STUDY MATERIAL:

==============================

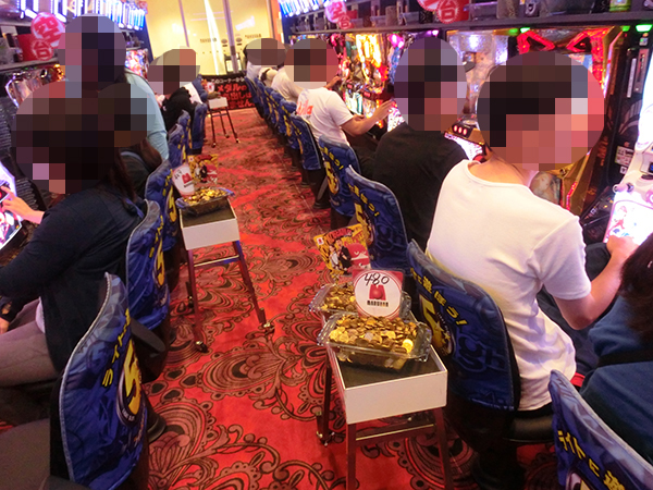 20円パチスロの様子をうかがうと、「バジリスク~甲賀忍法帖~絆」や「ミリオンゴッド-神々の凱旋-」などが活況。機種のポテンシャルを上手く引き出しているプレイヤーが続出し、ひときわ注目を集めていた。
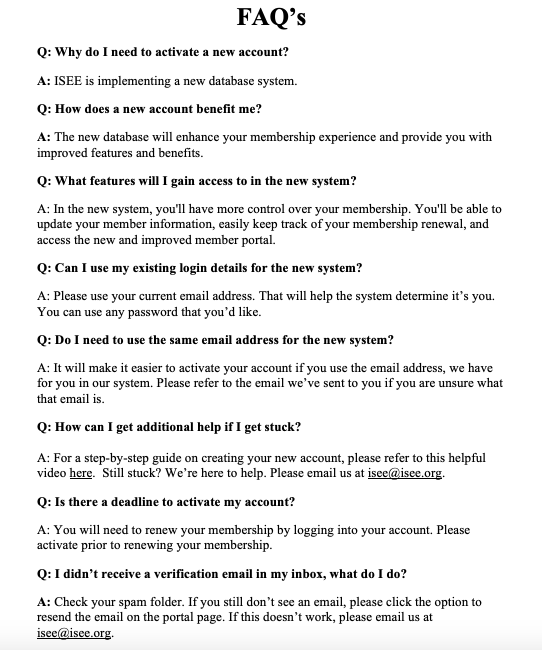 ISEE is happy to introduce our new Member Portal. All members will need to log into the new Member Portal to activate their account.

==============================

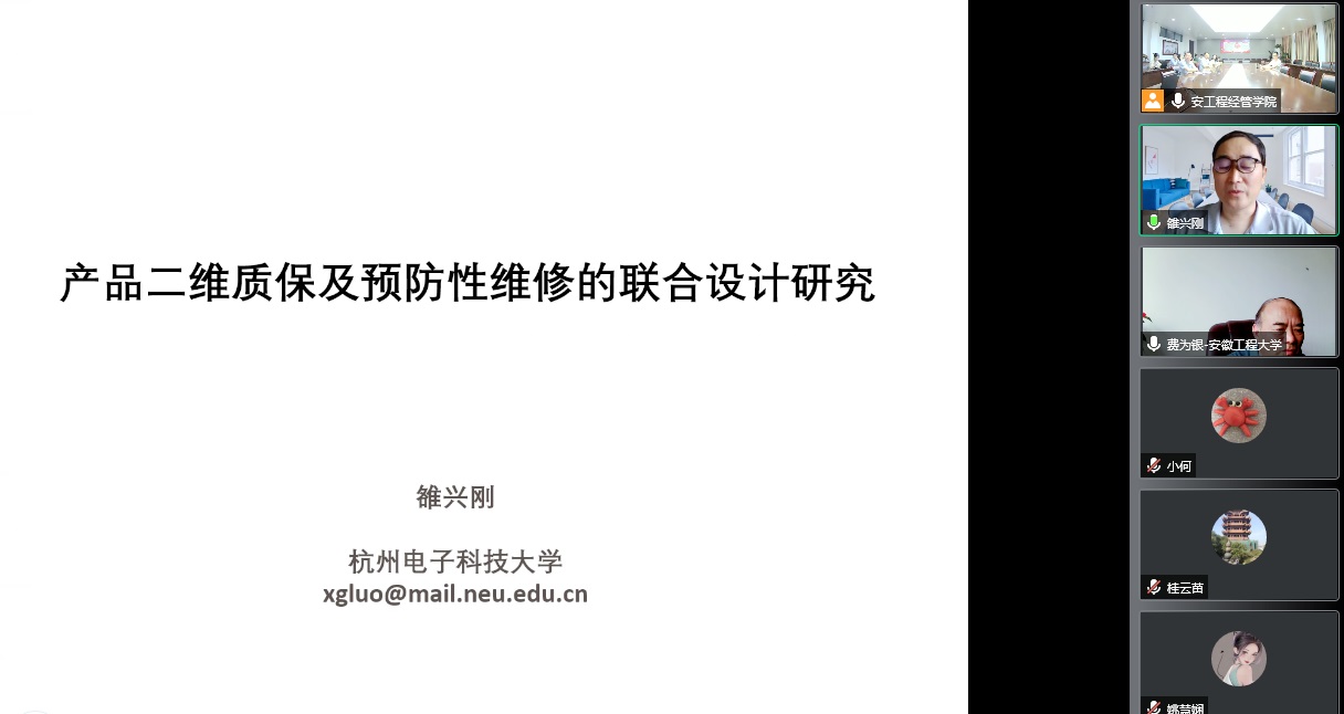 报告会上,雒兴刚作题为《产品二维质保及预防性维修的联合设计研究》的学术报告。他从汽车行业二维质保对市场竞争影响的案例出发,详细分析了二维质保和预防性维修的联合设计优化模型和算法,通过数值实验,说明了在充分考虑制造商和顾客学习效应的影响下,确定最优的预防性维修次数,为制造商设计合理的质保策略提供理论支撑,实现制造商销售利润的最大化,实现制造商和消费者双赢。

==============================

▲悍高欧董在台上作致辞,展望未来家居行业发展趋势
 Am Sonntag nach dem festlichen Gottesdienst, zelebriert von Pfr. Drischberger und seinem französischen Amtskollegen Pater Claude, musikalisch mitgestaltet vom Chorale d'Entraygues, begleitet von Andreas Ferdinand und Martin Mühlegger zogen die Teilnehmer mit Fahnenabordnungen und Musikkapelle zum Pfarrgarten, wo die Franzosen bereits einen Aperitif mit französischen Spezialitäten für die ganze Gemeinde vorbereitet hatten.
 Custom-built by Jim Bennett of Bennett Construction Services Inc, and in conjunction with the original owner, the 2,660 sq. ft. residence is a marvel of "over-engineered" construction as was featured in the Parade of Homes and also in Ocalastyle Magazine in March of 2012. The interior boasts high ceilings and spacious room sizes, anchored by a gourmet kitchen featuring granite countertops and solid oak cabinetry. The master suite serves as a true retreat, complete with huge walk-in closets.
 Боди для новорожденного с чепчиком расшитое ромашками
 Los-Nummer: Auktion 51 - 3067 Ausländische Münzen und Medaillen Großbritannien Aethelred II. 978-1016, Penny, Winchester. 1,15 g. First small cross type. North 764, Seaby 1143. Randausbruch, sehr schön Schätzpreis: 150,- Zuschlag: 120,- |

==============================

WHAT THIS TASK INVOLVES:
Please copy the lines above exactly, starting at the line that holds "20円パチスロの様子をうかが" and ending at the line that holds "ISEE is happy"; include both, but no pictures.

TASK RESPONSE:
 20円パチスロの様子をうかがうと、「バジリスク~甲賀忍法帖~絆」や「ミリオンゴッド-神々の凱旋-」などが活況。機種のポテンシャルを上手く引き出しているプレイヤーが続出し、ひときわ注目を集めていた。
 ISEE is happy to introduce our new Member Portal. All members will need to log into the new Member Portal to activate their account.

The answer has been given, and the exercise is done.